= GOAL OF THE EXERCISE =
Go through the data and copy each line where the string "werden" appears.

Data items
:::::

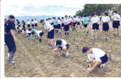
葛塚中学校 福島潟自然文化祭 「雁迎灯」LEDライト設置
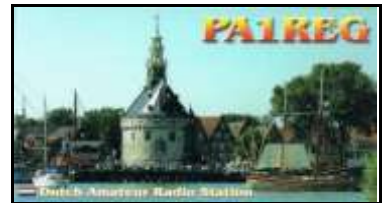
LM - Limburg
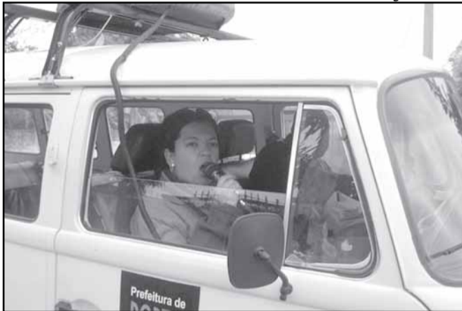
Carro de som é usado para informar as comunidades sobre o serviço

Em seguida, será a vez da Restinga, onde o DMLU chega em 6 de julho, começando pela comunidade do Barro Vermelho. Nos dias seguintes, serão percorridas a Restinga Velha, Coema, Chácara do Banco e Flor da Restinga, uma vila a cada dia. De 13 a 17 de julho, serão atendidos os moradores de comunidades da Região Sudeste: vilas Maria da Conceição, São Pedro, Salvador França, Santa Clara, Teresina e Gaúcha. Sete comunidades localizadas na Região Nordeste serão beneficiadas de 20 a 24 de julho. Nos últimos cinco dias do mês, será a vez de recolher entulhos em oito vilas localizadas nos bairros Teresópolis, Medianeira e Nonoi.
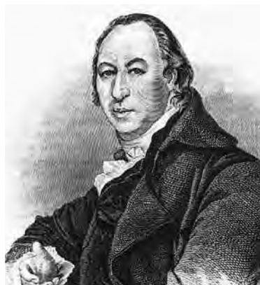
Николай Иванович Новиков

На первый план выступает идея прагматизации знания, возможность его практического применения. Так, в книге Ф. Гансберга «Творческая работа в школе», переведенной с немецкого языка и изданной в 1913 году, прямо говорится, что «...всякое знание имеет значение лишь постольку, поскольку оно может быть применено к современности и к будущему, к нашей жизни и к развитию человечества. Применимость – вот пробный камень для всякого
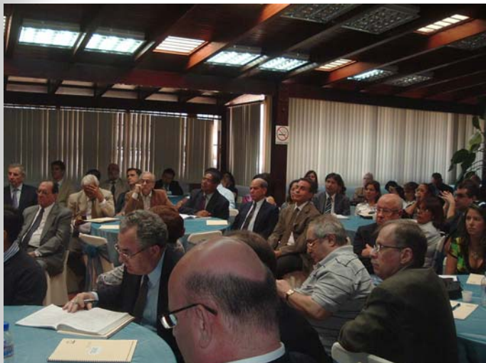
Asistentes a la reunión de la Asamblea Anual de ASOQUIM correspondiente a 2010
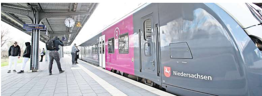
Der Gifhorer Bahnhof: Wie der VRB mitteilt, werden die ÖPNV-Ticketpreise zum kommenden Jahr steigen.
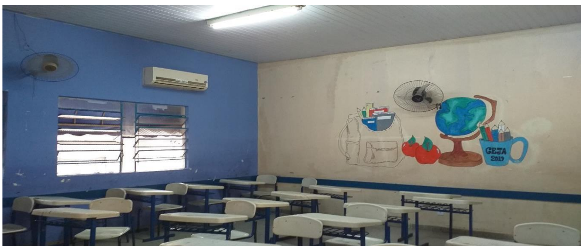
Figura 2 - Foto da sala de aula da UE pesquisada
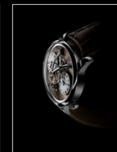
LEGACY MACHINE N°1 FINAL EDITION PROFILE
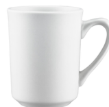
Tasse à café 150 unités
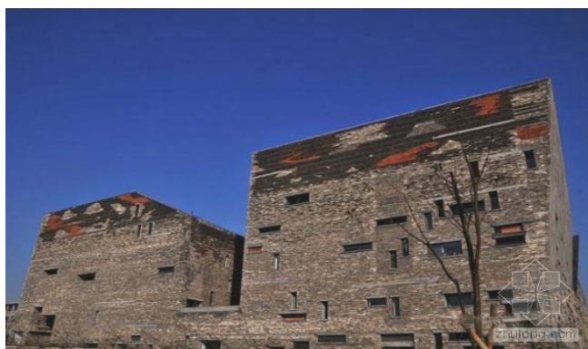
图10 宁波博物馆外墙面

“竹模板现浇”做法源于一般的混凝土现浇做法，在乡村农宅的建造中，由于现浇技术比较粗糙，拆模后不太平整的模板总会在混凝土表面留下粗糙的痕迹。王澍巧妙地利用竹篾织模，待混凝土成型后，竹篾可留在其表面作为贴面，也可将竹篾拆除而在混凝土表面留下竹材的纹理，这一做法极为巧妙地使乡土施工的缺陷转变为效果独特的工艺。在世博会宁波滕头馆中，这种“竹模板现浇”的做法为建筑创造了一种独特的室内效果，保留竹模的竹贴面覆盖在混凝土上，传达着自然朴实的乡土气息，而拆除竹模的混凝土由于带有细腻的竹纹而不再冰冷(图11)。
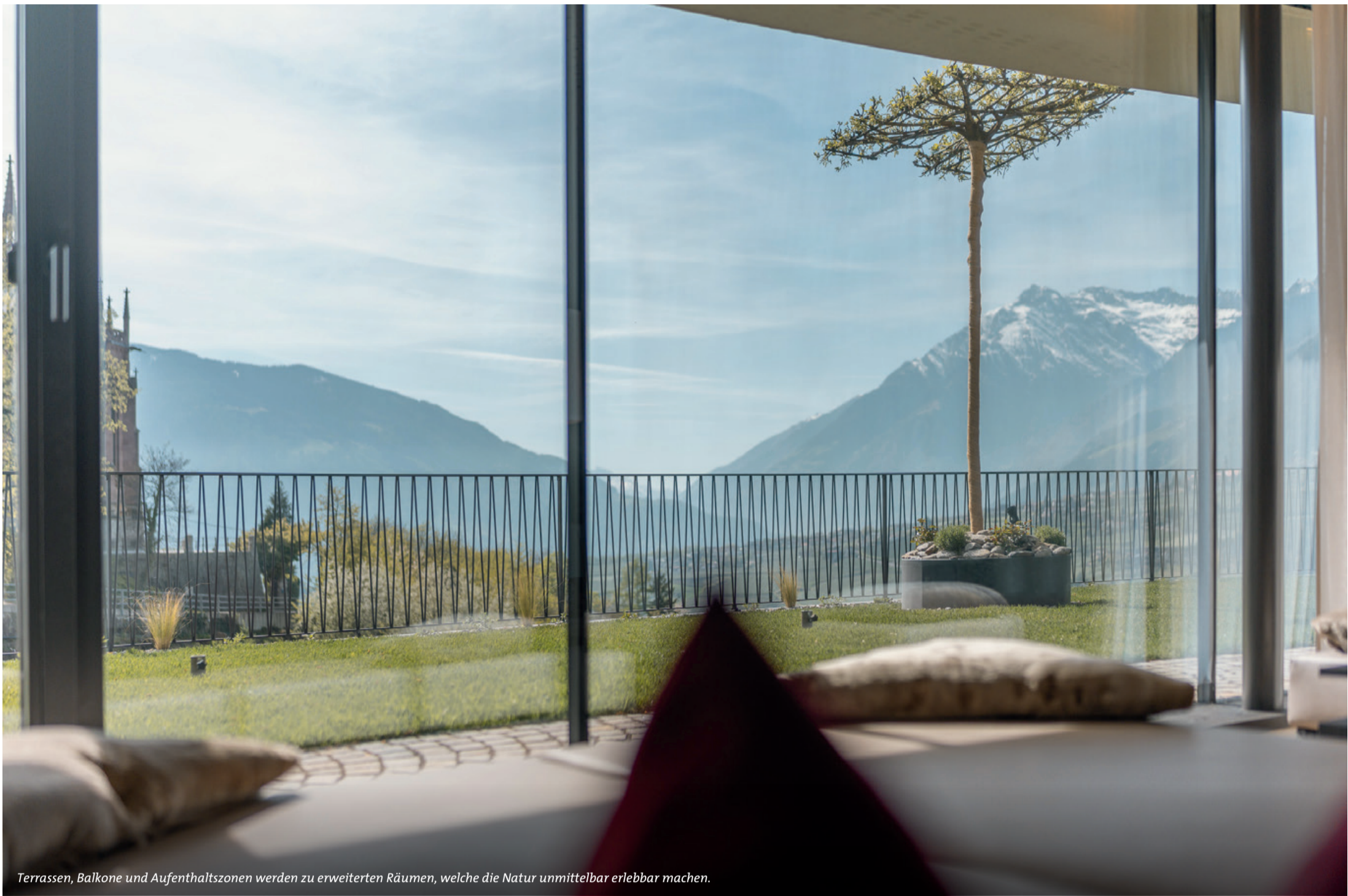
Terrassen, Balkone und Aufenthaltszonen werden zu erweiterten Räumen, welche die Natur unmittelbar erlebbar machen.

:::::

= RESPONSE AREA =
Der Gifhorer Bahnhof: Wie der VRB mitteilt, werden die ÖPNV-Ticketpreise zum kommenden Jahr steigen.
Terrassen, Balkone und Aufenthaltszonen werden zu erweiterten Räumen, welche die Natur unmittelbar erlebbar machen.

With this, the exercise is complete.